Том покинул ветхое здание если не с радостью, то с благодарностью — он стал легче на несколько капель крови. Он заглянул в глаза демону. Страху, что не покидал его почти тридцать лет. Считай что сходил к врачу, но все же по-другому. И там и там можно услышать плохие новости, но… Убийство. Раньше, даже в сороковых, за это могли вынести смертный приговор. Во время войны двоих боевиков из ИРА здесь казнил сам Пирпойнт[40]. Смертная казнь через повешение. Их увезли отсюда, надели петлю на шею, и конец. Каково это, услышать такой приговор в шумном зале суда? На миг тебя пронзает молнией ужас. Знаешь, что совершил преступление, и приговор заслужен, и никто его не оспорит, никто тебя не спасет. Миг полного одиночества и безысходности. Не убий. И не вздумай, приятель. Никогда, ни чуточки. Но чуточку убить нельзя, убийство необратимо. Убить. Такое короткое слово, а деяние планетарного масштаба. Кто посмеет утверждать, что партизаны, которых он убивал с четырехсот метров — приведенные в деревню просто-напросто голодом, — недостойны были жить? Такая была у него работа, их убивать. Убей — а вопросы потом. Он убийца, спору нет. На его счету немало жертв. На прикладе винтовки у него пятьдесят семь ножевых зарубок. Для них там едва хватило места, и лишь отправка в Англию положила этому конец. Странные были эти войны под занавес долгой истории Империи. Генеральная уборка на прощание. Зачистки. Все беды в стране из-за того, что натворила ваша армия. Гордый народ и обнаглевшие захватчики. Чванные командиры. Убей — а вопросы потом. Подумаешь, туземцы. Здорово ты, Том, со своей пукалкой управляешься, хоть сейчас на Олимпиаду!
Убийство.
Он вертел в голове это слово, пытаясь извлечь его на свет божий, и тут сзади, из-за сторожки парка, к нему подлетел человек со скоростью Ронни Делейни. Теплый весенний ветер, колыхавший буйную зелень и навевавший смутные воспоминания, распахнул Тому пальто, и Том собирался поправить ворот, но тут бегун опустил ему руку на плечо с такой силой, что Том сперва испугался: неужто на него напали? Напали, в прямом смысле. Нарушили его личную неприкосновенность, а это против закона, разве что… Оказалось, никакой это не хулиган, а Уилсон, в хорошем костюме с зеленоватым отливом — Том еще не видел его таким нарядным. Любопытно, что он замечает такие мелочи.

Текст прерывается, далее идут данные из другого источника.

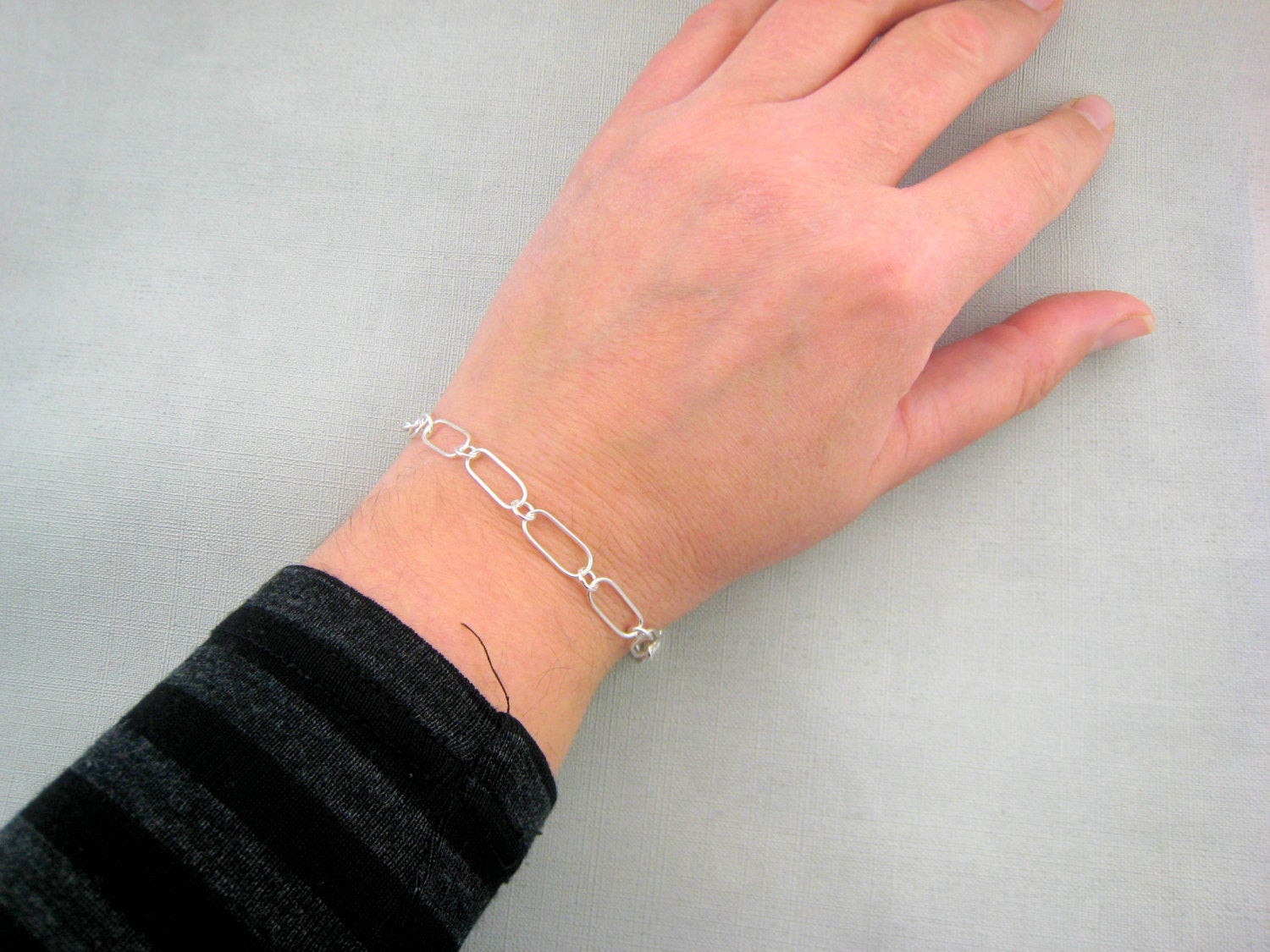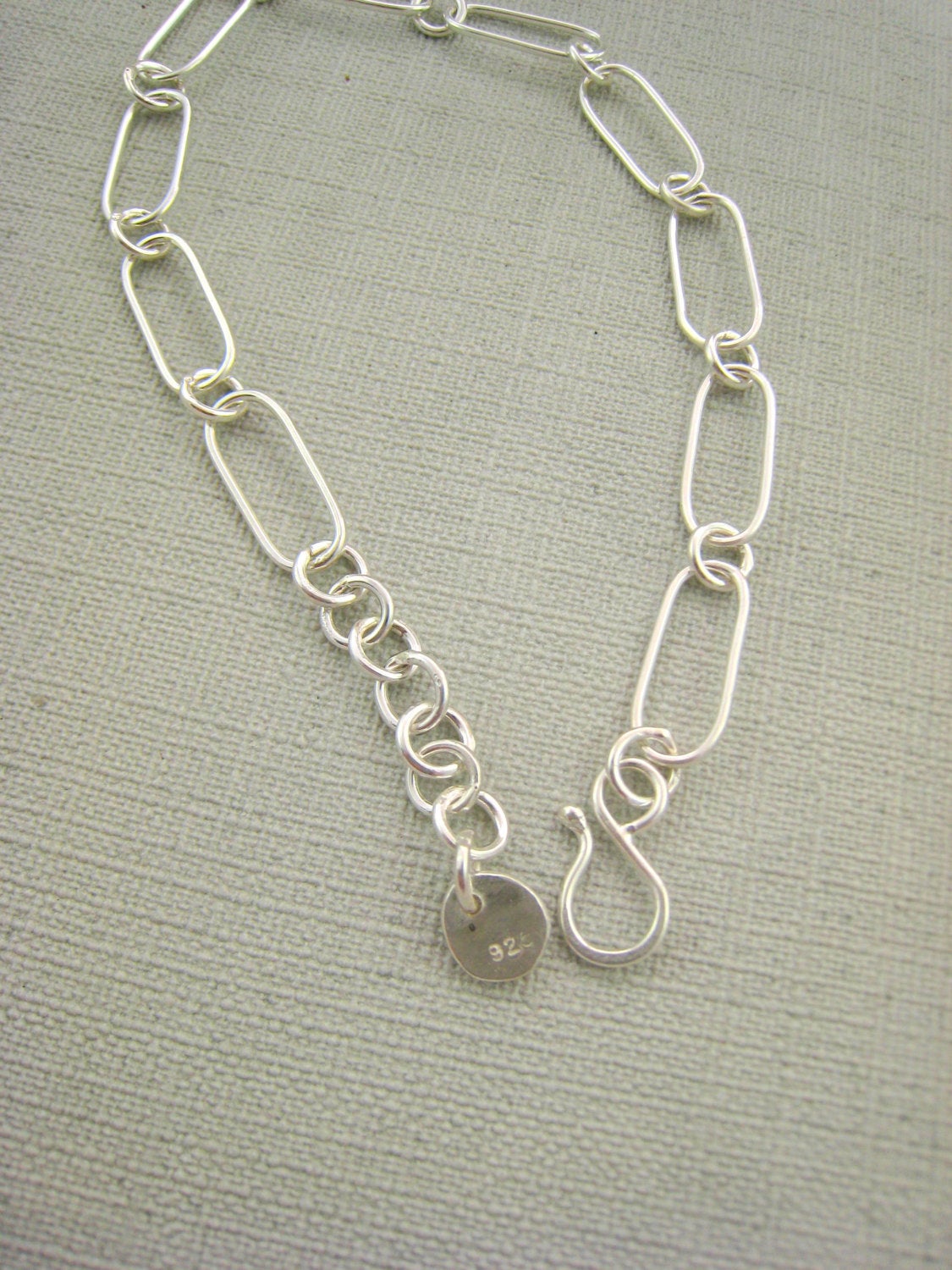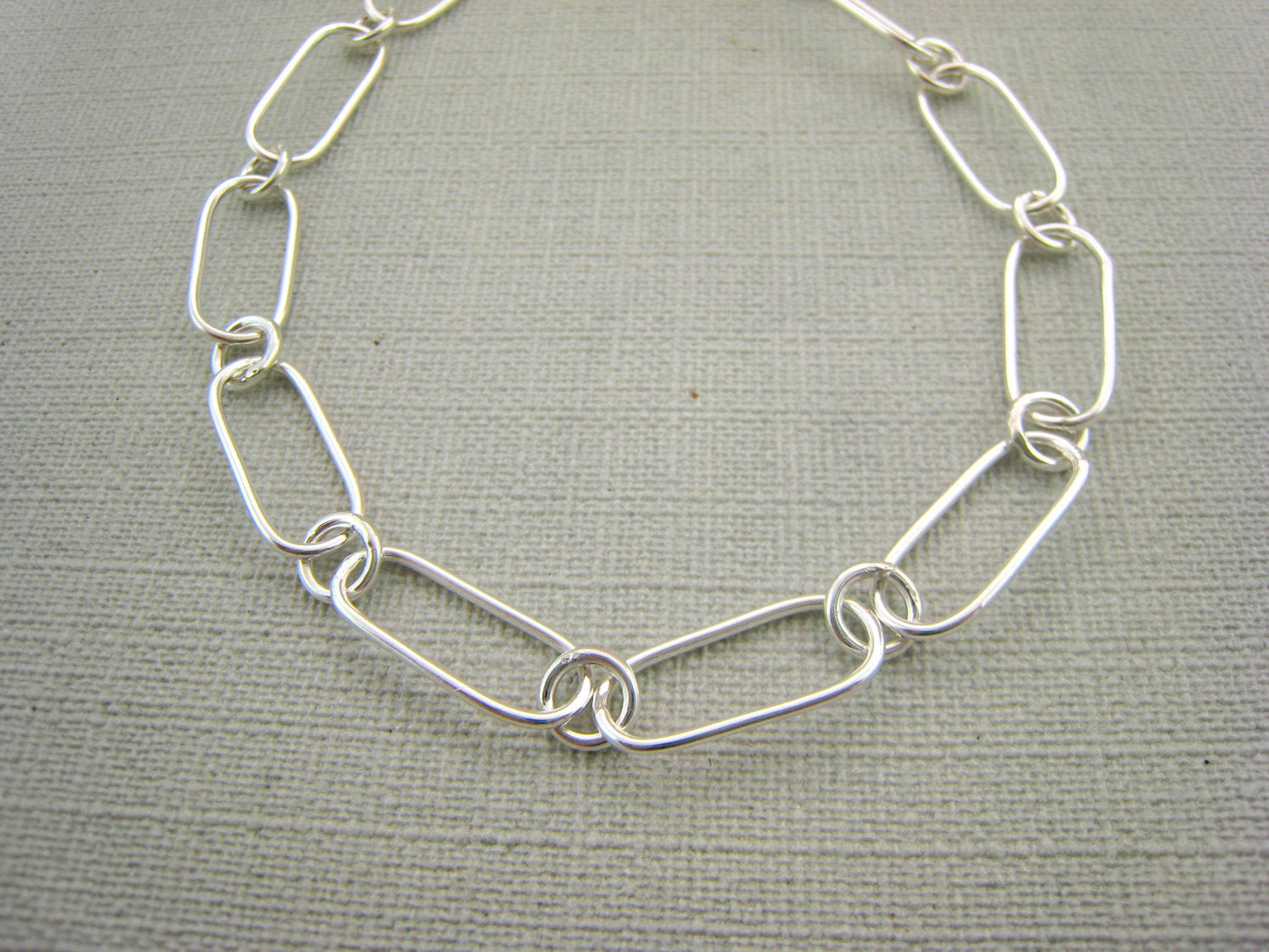 This oval link bracelet is lightweight and comfortable enough for everyday wear. I have made each link on this bracelet by hand from sterling silver wire, each link has been soldered closed so the bracelet is sturdy. The oval links have been elongated to create a slim link. The catch and extension chain is also handmade. The bracelet is finished with a high shine polish.
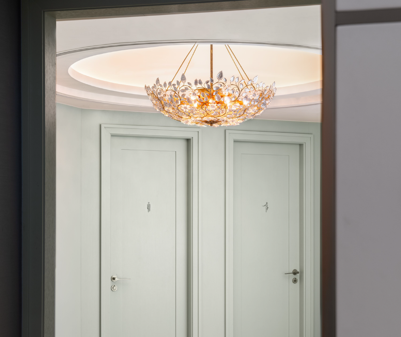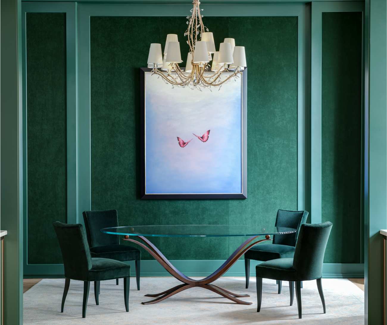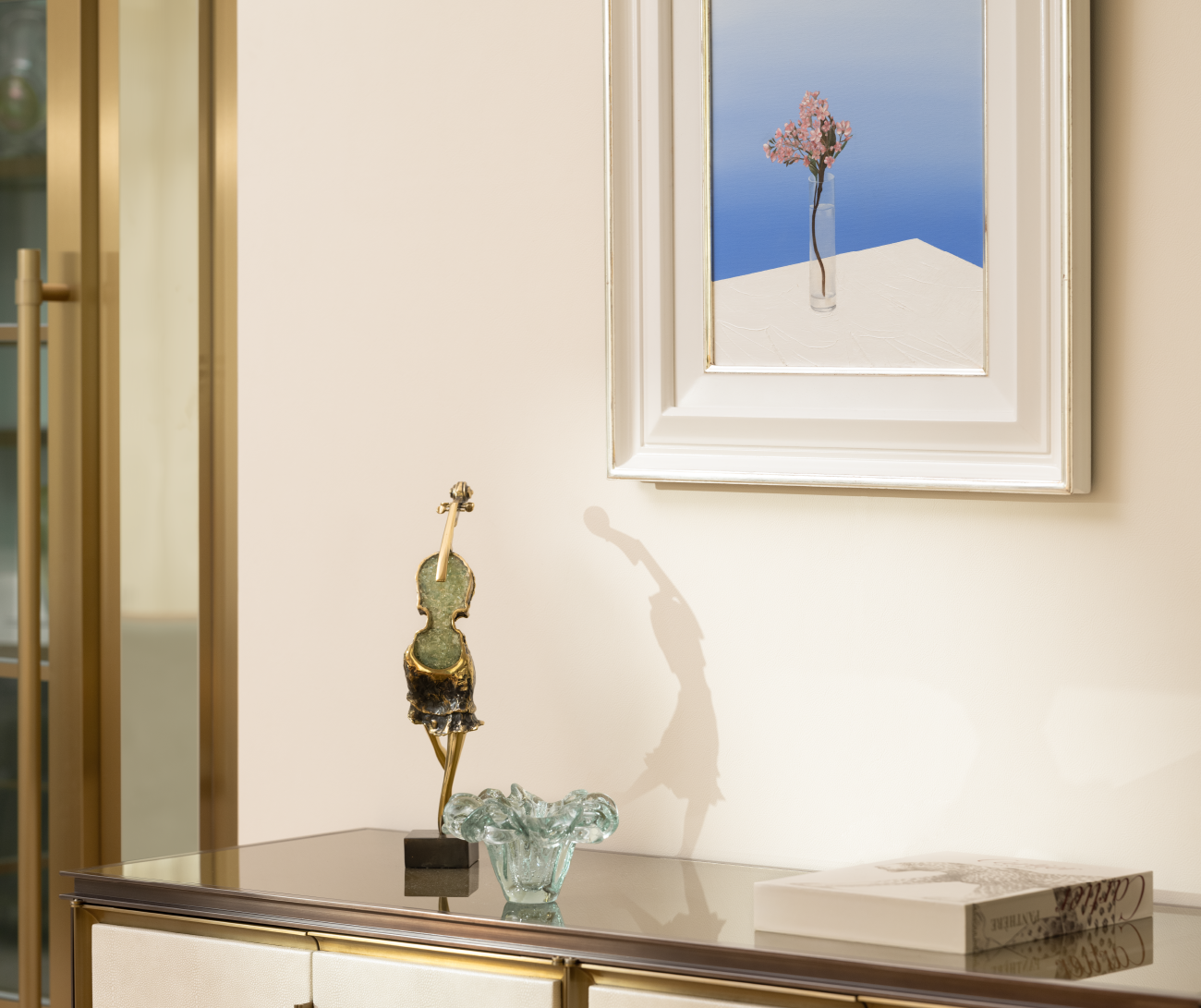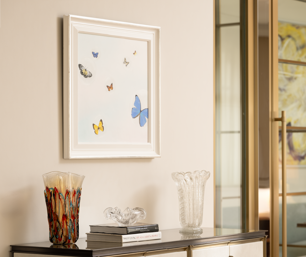 This auction piece is from a palace in France, reflecting the grandeur and elegance of 18th-century style. Here, modernity meets sophistication, with a resplendent Murano glass chandelier and an exquisite painting that commands attention.

— Черт, Том, а я вам вслед кричал-кричал…
А за спиной его через перекресток на Харкорт-стрит мчались машины. На этом перекрестке то и дело кого-нибудь сбивают насмерть. Проклятое место.
— Совсем я глухой стал.
Несмотря на недоразумение, Том рад был видеть Уилсона. Тот его догнал — можно ли это истолковать как знак дружбы?
— Есть у вас пара минут, босс? — спросил Уилсон и вправду с большой теплотой, хоть и слово употребил фамильярное, несмотря на разницу в звании. Да только нет у них теперь никакой разницы в звании. — Где бы тут рухнуть?